In the Configuration directory you can find: Active.xml - the currently active configuration (it's best not to mess with it directly but use the PowerShell commands to change the configuration, then the collector will keep the configuration change history for you), Empty.xml - the empty configuration, in case if you want to return back to it, and Example.xml - essentially the description of all the possible configuration settings as comments in a configuration file, along with examples.

I won't go here into the details of the configuration, it's a separate subject that we can look at later. For now, suppose, you've configured the collector.

Then you go and configure the target machines (they're really the sources of events but we've kept the terminology consistent with the debugger). The event collection uses a small separate network stack borrowed from the kernel debugger (KD-NET), so it starts working very early in the Windows boot process, way before the normal networking starts. It means some inherited caveats though. The list of drivers supported by that small networking stack is shorter than for the normal drivers (but the typical popular NICs are covered). And the stack adds overhead on the NIC is uses, compared to the normal driver.

Just like KD-NET, the targets for event collection get configured with the address and port of the collector, the secret key for communications, and the information about which events to send. The PowerShell commands that came with the collector feature help with this configuration. They can be used to configure the WIM and VHD images, or to run the configuration on the target machines through the PowerShell remoting, and finally you can copy the scripts to a target machine and run them there locally, or to configure the network-booted and network setup through ADK/WDS.

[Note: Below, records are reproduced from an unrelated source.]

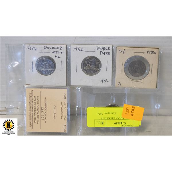 LOT OF 3 CANADIAN NICKELS & 1 ICCS CERTIFIED
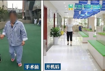 入院前可见静止性震颤,右下肢走路拖曳,身体偏向右侧,经医生会诊后,为其行DBS脑起搏器手术,术后症状减轻,术后半月开机,唐先生抖动消失,走路姿势趋于正常,唐先生及其家属非常喜悦!
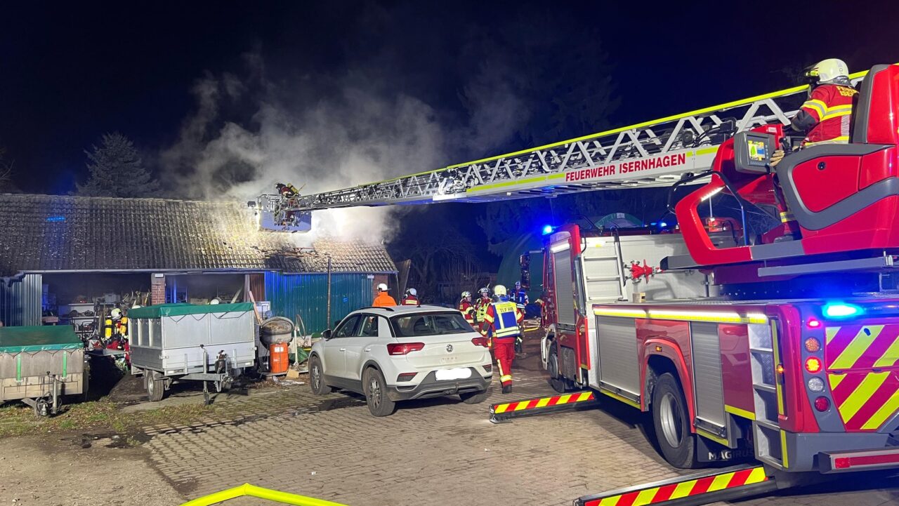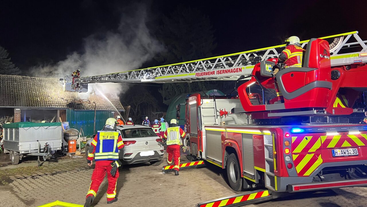 Am Dienstagabend wurde die Feuerwehr zu einem gemeldeten Gebäudebrand nach Isernhagen NB alarmiert. Zunächst lautete das Einsatzstichwort B1 – Feuer (Gebäude). Bereits nach kurzer Zeit bestätigte sich ein Brand im Dachbereich einer Scheune, sodass die Alarmstufe auf B2 – Dachstuhlbrand erhöht wurde.

The transport part gets configured with the command Set-SbecBcd, the selection of the events with Set-SbecAutologger (it provides a reasonable default set of events from the kernel, system logs and setup). The events from the kernel and system services normally stop the forwarding through the network after the system boot comes to the point when the event logging service is started, meaning that now the events can be collected locally. The setup events keep the forwarding. But all this is configurable, and can be changed if you have different preferences.

After the target has been configured, it needs to be rebooted (or booted for the first time from a VHD image). And then the events will come.

The targets can be physical machines or VMs.  But with the VMs both the system inside the VM and the Hyper-V host must run Win10. Win8 Hyper-V hosts actually can support the KD-NET protocol stack in the VMs but they do it in a way that's rather painful and difficult to configure, so they're not officially supported for the event collection. We'll see if they every will, but going to a Win10 host makes things much easier.

In the next installment, I plan to show an example of a simple diagnostics.